■ What needs to be done:
As the answer, set down the lines below from the one containing "Figure 7: Documents" through the one containing "The parameters illustrated", exactly and inclusively, and no others.

■ Dataset records:
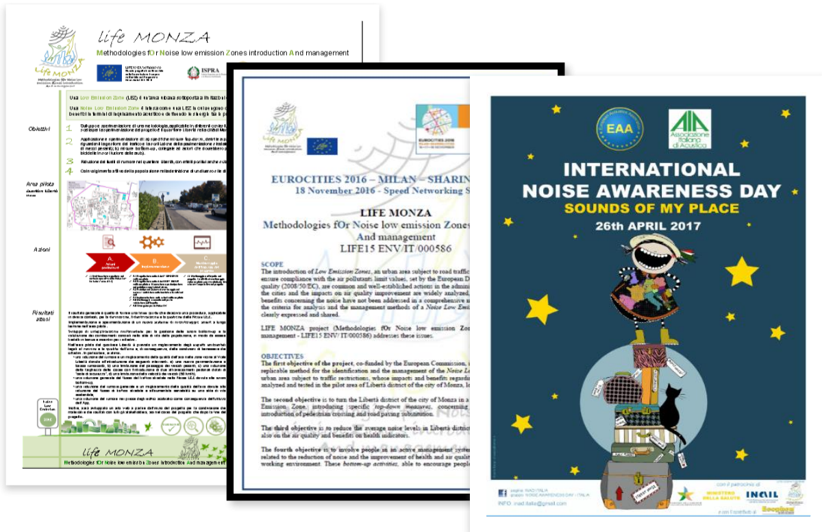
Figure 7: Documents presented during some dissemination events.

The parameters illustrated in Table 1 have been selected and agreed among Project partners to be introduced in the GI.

* * *

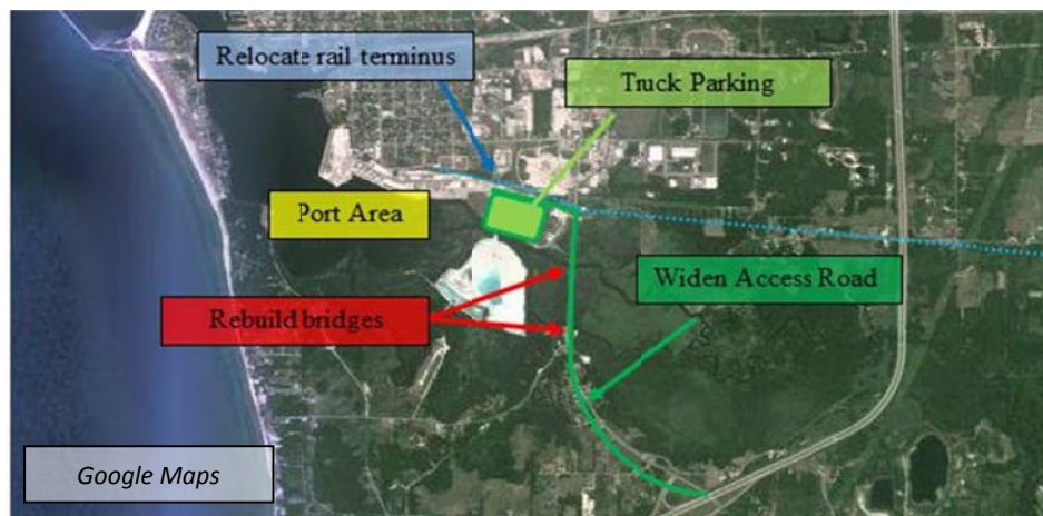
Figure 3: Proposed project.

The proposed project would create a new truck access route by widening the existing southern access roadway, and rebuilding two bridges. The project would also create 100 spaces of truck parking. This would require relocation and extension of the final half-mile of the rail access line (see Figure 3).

■ Result of this task:
Figure 7: Documents presented during some dissemination events.

The parameters illustrated in Table 1 have been selected and agreed among Project partners to be introduced in the GI.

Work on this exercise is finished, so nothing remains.